KLEINBERG: "So in the 1930s we have words like 'banks,' 'depression,' 'recovery,' in the 1940s we have words like 'war' and 'atomic,' and then in the '50s words like 'Korea,' 'communist.' The point is, that's an example where we believe we know what we're going to be seeing. It's a way of sanity-checking what's happening, so that we can then try it on things where we don't necessarily know what to expect."
RS: "For example?"
KLEINBERG: "One thing which surprised me -- and this was still in the context even of State of the Union addresses -- is that once we get to the 1980s, words that have to do with historical events in the '80s get mixed in a lot more with particular rhetorical devices. So, sudden increases in words like 'communities' and 'American' and 'patriotism.' So we find that with the increasing dominance of professional speechwriting, we have certain words that simply were appearing every single year. And that's something which one sort of may have thought about at an intuitive level, but it shows up extremely strongly when one does this frequency analysis. So it's a way of quantitatively verifying a shift in the language used in speechwriting, for example."

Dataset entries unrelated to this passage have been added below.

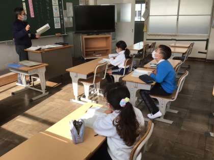 3年生国語、国際学級では、「俳句に親しもう」の学習をしています。今日は、俳句を読んだり、俳句を作ってみたりしました。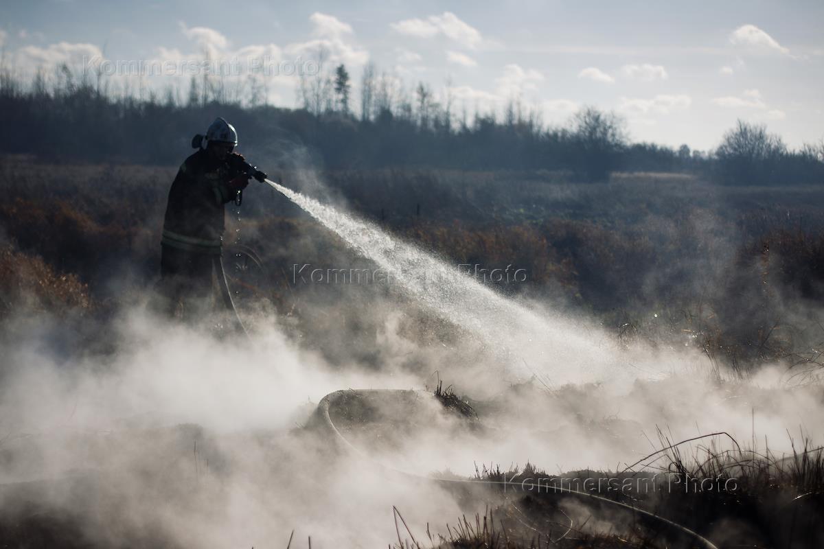 Сотрудники МЧС России во время тушения возгорания торфа вблизи Калининграда.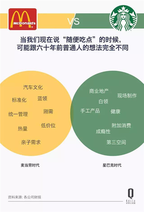 星巴克提供的則是一種體驗,是食物之外的那一部分空間概念:消費者來到店內(nèi),更多是尋求家與辦公室之外用于放松、社交的第三空間,咖啡飲品僅是附加服務。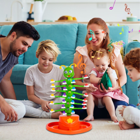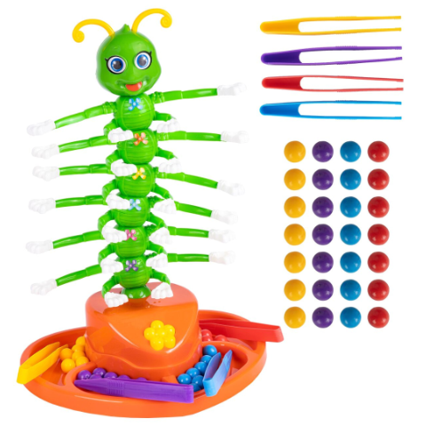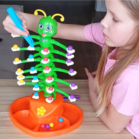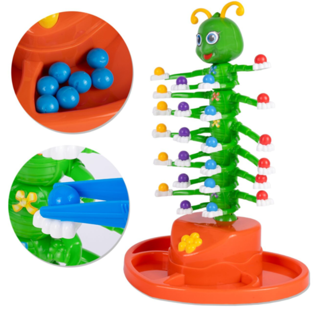 Omida veselă își mișcă brațele în toate direcțiile, iar copiii trebuie să își folosească îndemânarea pentru a așeza bilele colorate fără să le scape.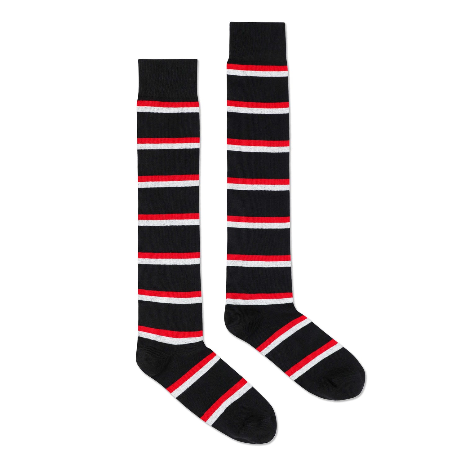Over-The-Knee Black, Red, and White Blazer Stripe Socks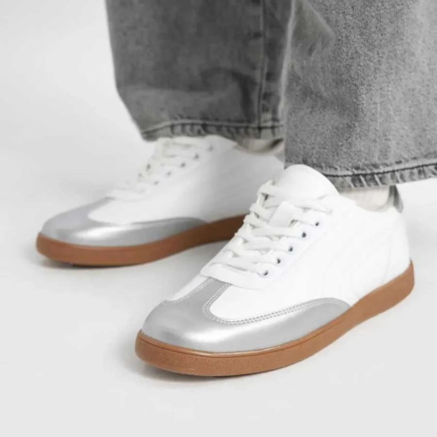 Defacto Women’s Flat Sole Lace-Up Faux Leather Sneakers

RS: "Do you see anything in this work that tells us a little bit about who we are as Americans? Because you see the frequency of words, does it tell us -- "
AA: "Where we're heading?"
RS: "Where we're heading, or where we've been?"
KLEINBERG: "I'm certainly heartened by all of the activity and things like the Web log community, which is really, I think, supplementing the mainstream news media with this very large additional set of outlets for opinions and commentary and expression. It's creating an extremely vibrant community, and I think that's an exciting development, certainly -- and something that one can, again, hopefully track by being aware of the current topics of interest as manifested through choices of words."
AA: "Doesn't that just sort of feed on itself or create kind of a loop, where you know what words are on the rise so you start using them more?"
KLEINBERG: "There is this interesting feedback going on, that as you become explicitly aware of this notion of popularity, you -- right, it feeds back on itself. One thing that helps alleviate that is this notion of 'burstiness' as being about change, not just about frequency. So we aren't just finding the most frequent words, but the words that are changing most sharply. So once something becomes popular, the fact that people continue using it no longer contributes to its change. It already is popular."
RS: "What about new words in the language?"
KLEINBERG: "At the moment methods like this are very good for catching the sudden appearance of coinages of new words in online media, simply because we have access to all that data. But I think this is something that could be used retrospectively to go back through books or newspapers over hundreds of years, trying to find the rise of words that are now quite common."
RS: In the long run, Jon Kleinberg of Cornell University says, the goal is to develop computer search engines that can catch ideas that are on the rise, and not just words.